John Webster
The Devil’s Law Case ACT 2. SCENE 2.
The action takes place at Naples

Enter Ercole and Contarino.


Contarino:
You'll not forgo your interest in my mistress?

Ercole:
My sword shall answer that: come, are you ready?

Contarino:
Before you fight sir, think upon your cause
It is a wondrous foul one, and I wish
That all your exercise these four days past
Had been employ'd in a most fervent prayer,
And the foul sin for which your are to fight
Chiefly remembered in't.

Ercole:
I'd as soon take
Your counsel in divinity at this present,
As I would take a kind direction from you
For the managing my weapon: and indeed,
Both would show much alike.
Come, are you ready?
Contarino:
Bethink yourself,
How fair the object is that we conted for.

Ercole:
O, I cannot forget it.


They fight. Ercole is wounded.


Contarino:
You are hurt.

Ercole:
Did you come hither only to tell me so,
Or to do it? I mean well, but 'twill not thrive.

Contarino:
Your cause, your cause, sir:
Will you yet be a man of conscience, and make
Restitution for your rage upon your death-bed?

Ercole:
Never, till the grave father one of us

They fight again


Contarino:
That was fair, and home I think.


Wounds Ercole


Ercole:
You prate as if you were in a fence-school.

Contarino:
Spare your youth, have compassion on yourself.

Ercole:
When I am all in pieces; I am now unfit
For any lady's bed; take the rest with you.
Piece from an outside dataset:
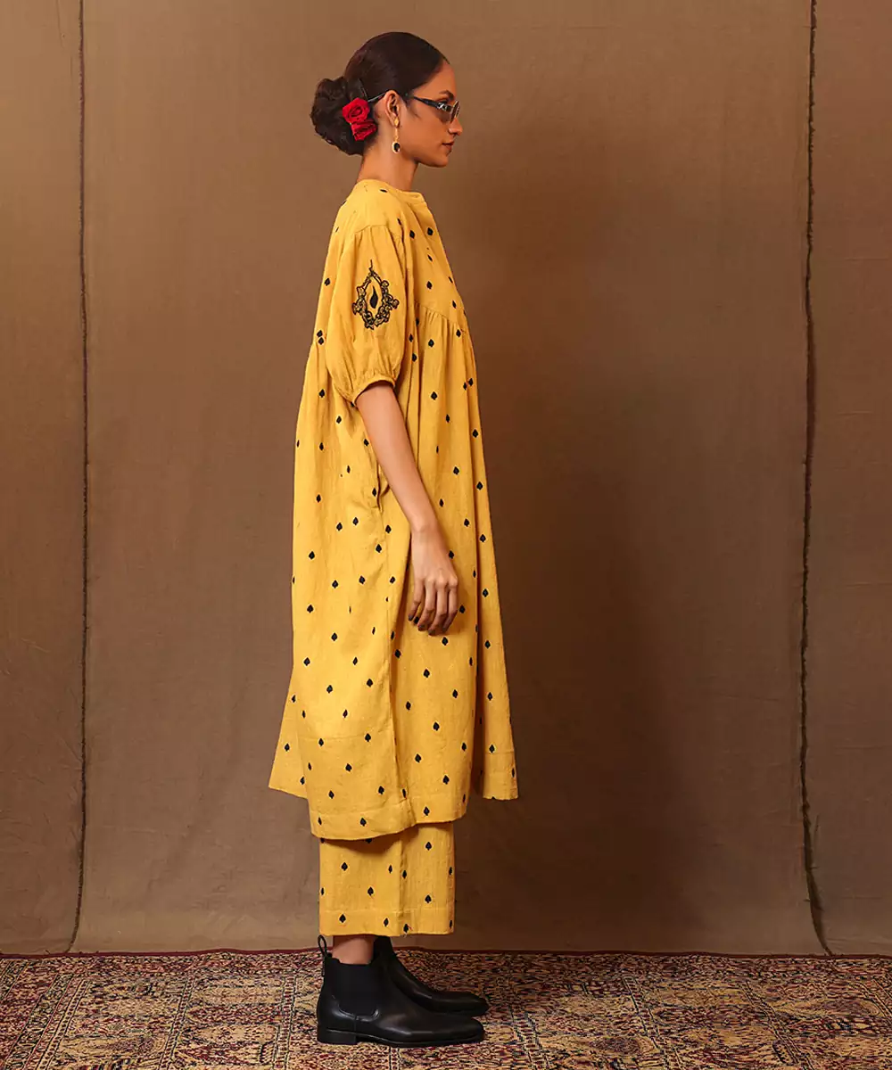 This Yellow Printed Cotton Long Kurta Combines Comfort With Effortless Elegance. Designed With Soft, Breathable Fabric, It Features Subtle Prints That Add A Refined Touch To Your Everyday Or Festive Wardrobe. Perfect For Casual Outings Or Semi Traditional Events, This Kurta Ensures A Relaxed Fit And Timeless Style For Any Occasion.

Contarino wounded, falls upon Ercole


Contarino:
I am lost in too much daring; yield your sword.
Ercole:
To the pangs of death I shall, but not to thee.

Contarino:
You are now at my rapairing, or confusion:
Beg your life.

Ercole:
O, most foolishly demanded,
To bid me beg that which thou canst not give.


Enter Romelio, Prospero, Baptista, Ariosto, and Julio


Prospero:
See both of them are lost: we come too late.

Romelio:
Take up the body, and convey it
To Saint Sebstian's monastery.

Contarino:
I will not part with his sword, I have won't.

Julio:
You shall not: take him up gently; so:
And bow his body, for fear of bleeding inward.
Well, these are perfect lovers.

Prospero:
Why, I pray?

Julio:
It has ever been my opinion,
That there are none love perfectly indeed,
But those that hang or drown themselves for love:
Now these have chose a death next to beheading;
They have cut one another's throats,
Brave valiant lads.

Prospero:
Come, you do ill, to set the name of valour
Upon a violent and mad despair.
Hence may all learn, that count such actions well,
The roots of fury shoot themselves to hell.